Dataset content:
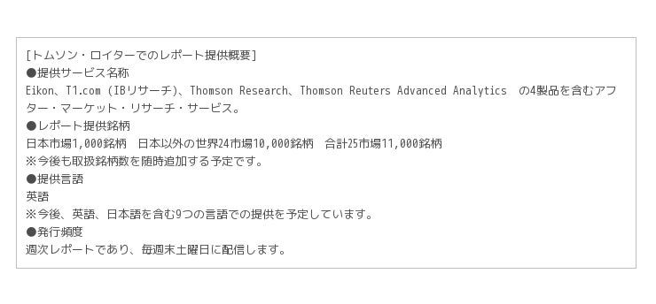 当社BtoB向けサービスの世界展開の第一弾として、世界中の金融機関、事業法人をはじめとする専門家の皆様をクライアントに有する世界最大級の情報ベンダー、トムソン・ロイター社が提供する各種サービスを配信基盤として、本レポートを世界配信いたします。今後、カバレッジ銘柄の拡大とともに、配信ルートの拡張およびレポートの多様化を進めます。
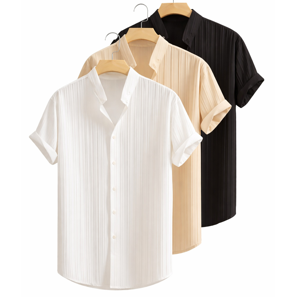 Upgrade your everyday style with our Pack of 3 Casual Solid Color Short Sleeve Jacquard Shirts, designed for a clean, modern look with premium texture. Featuring a subtle jacquard pattern, this shirt adds depth and character while keeping the overall appearance minimal and elegant — perfect for both casual outings and smart-casual wear.
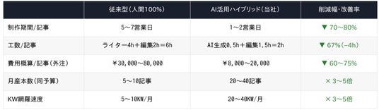 ※費用は社内工数の時給換算参考値。AI活用でも編集工数(E-E-A-T担保)の省略は不可。
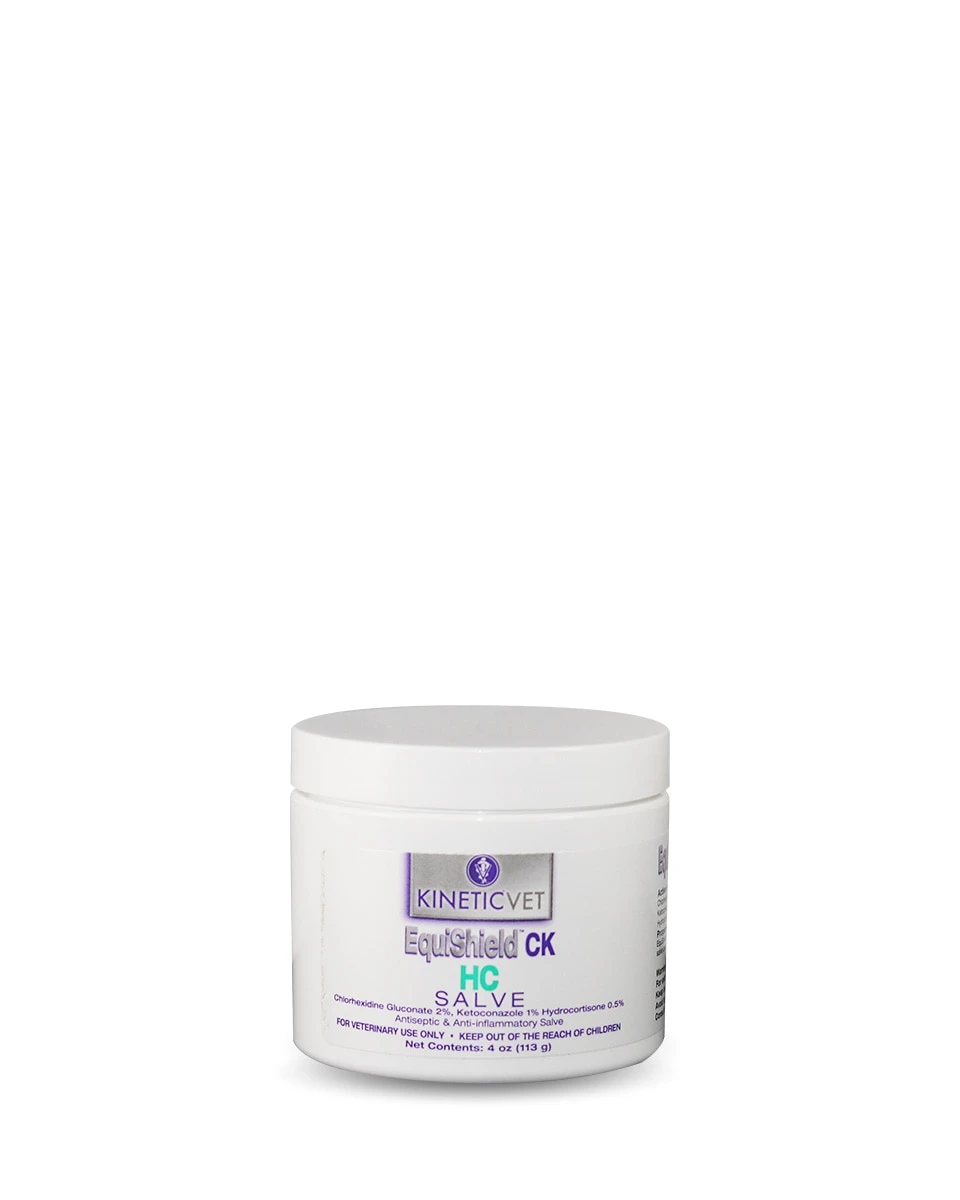 EquiShield CK HC Salve by Kinetic Vet is a medicated topical salve used for the treatment of skin conditions such as bacterial dermatitis in horses, dogs and cats. EquiShield CK HC Salve is anti-inflammatory and antiseptic with active ingredients chlorhexidine, ketoconazole and hydrocortisone. It also contains lanolin to moisturize while the treated skin is healing.Â

Assignment:
Please reproduce all the material exactly. Pictures stay out of the copy.

Answer to this problem:
 当社BtoB向けサービスの世界展開の第一弾として、世界中の金融機関、事業法人をはじめとする専門家の皆様をクライアントに有する世界最大級の情報ベンダー、トムソン・ロイター社が提供する各種サービスを配信基盤として、本レポートを世界配信いたします。今後、カバレッジ銘柄の拡大とともに、配信ルートの拡張およびレポートの多様化を進めます。
 Upgrade your everyday style with our Pack of 3 Casual Solid Color Short Sleeve Jacquard Shirts, designed for a clean, modern look with premium texture. Featuring a subtle jacquard pattern, this shirt adds depth and character while keeping the overall appearance minimal and elegant — perfect for both casual outings and smart-casual wear.
 ※費用は社内工数の時給換算参考値。AI活用でも編集工数(E-E-A-T担保)の省略は不可。
 EquiShield CK HC Salve by Kinetic Vet is a medicated topical salve used for the treatment of skin conditions such as bacterial dermatitis in horses, dogs and cats. EquiShield CK HC Salve is anti-inflammatory and antiseptic with active ingredients chlorhexidine, ketoconazole and hydrocortisone. It also contains lanolin to moisturize while the treated skin is healing.Â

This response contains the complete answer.